Blauth Kevin, Zhang Xin, Chopra Manisha, Rogan Sarah, Markovic-Plese Silva
Department of Neurology, University of North Carolina at Chapel Hill, NC 27599, USA.
Department of Neurology, University of North Carolina at Chapel Hill, NC 27599, USA; Department of Microbiology and Immunology, University of North Carolina at Chapel Hill, NC 27599, USA.
Clin Immunol. 2015 Apr;157(2):121-32. doi: 10.1016/j.clim.2015.01.001. Epub 2015 Jan 14.
Fractalkine (CX3CL1) levels are increased in the cerebrospinal fluid (CSF) of patients with clinically isolated syndrome (CIS), as well as in the CSF and serum samples from patients with relapsing-remitting multiple sclerosis (RRMS). A higher percentage of circulating CD4(+) T-cells expressed its surface receptor (CX3CR1) and intracellular adhesion molecule (ICAM-1) in RRMS patients in comparison to healthy controls (HCs). The CX3CR1(+)ICAM-1(+)CD4(+) T-cells are enriched in the CSF of the RRMS patients. In vitro migration studies revealed that CD4(+) T-cells, which migrated toward a CX3CL1 gradient, expressed higher levels of ICAM-1 than non-migrating cells. CX3CL1 significantly increased IFN-γ and TNF-α gene expression and IFN-γ secretion by CD4(+) T-cells derived from the RRMS patients. CX3CL1 upregulated ICAM-1 expression on the surface of RRMS patient-derived but not HC-derived CD4(+) T-cells. Thus, CX3CL1 induces recruitment of CX3CR1(+)ICAM-1(+)CD4(+) T-cells into the central nervous system (CNS) during the early inflammatory response in MS.

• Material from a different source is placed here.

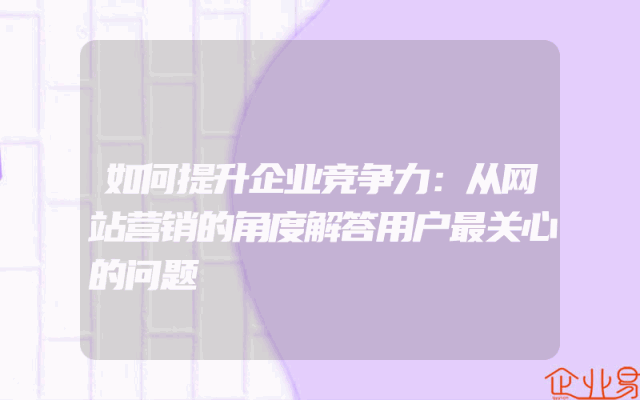 - 如何提升企业竞争力:从网站营销的角度解答用户最关心的问题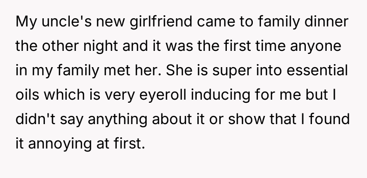 When a new presence entered the family dinner, the air was charged with unspoken tension. The uncle’s girlfriend, with her fervent belief in essential oils, ignited a silent battle between skepticism and acceptance.

在临床孤立综合征(CIS)患者的脑脊液(CSF)中,以及复发缓解型多发性硬化症(RRMS)患者的脑脊液和血清样本中,趋化因子(CX3CL1)水平升高。与健康对照(HC)相比,RRMS患者中循环CD4(+) T细胞表达其表面受体(CX3CR1)和细胞间黏附分子(ICAM-1)的比例更高。CX3CR1(+)ICAM-1(+)CD4(+) T细胞在RRMS患者的脑脊液中富集。体外迁移研究表明,向CX3CL1梯度迁移的CD4(+) T细胞比未迁移的细胞表达更高水平的ICAM-1。CX3CL1显著增加RRMS患者来源的CD4(+) T细胞的IFN-γ和TNF-α基因表达以及IFN-γ分泌。CX3CL1上调RRMS患者来源而非HC来源的CD4(+) T细胞表面的ICAM-1表达。因此,在MS的早期炎症反应中,CX3CL1诱导CX3CR1(+)ICAM-1(+)CD4(+) T细胞募集到中枢神经系统(CNS)。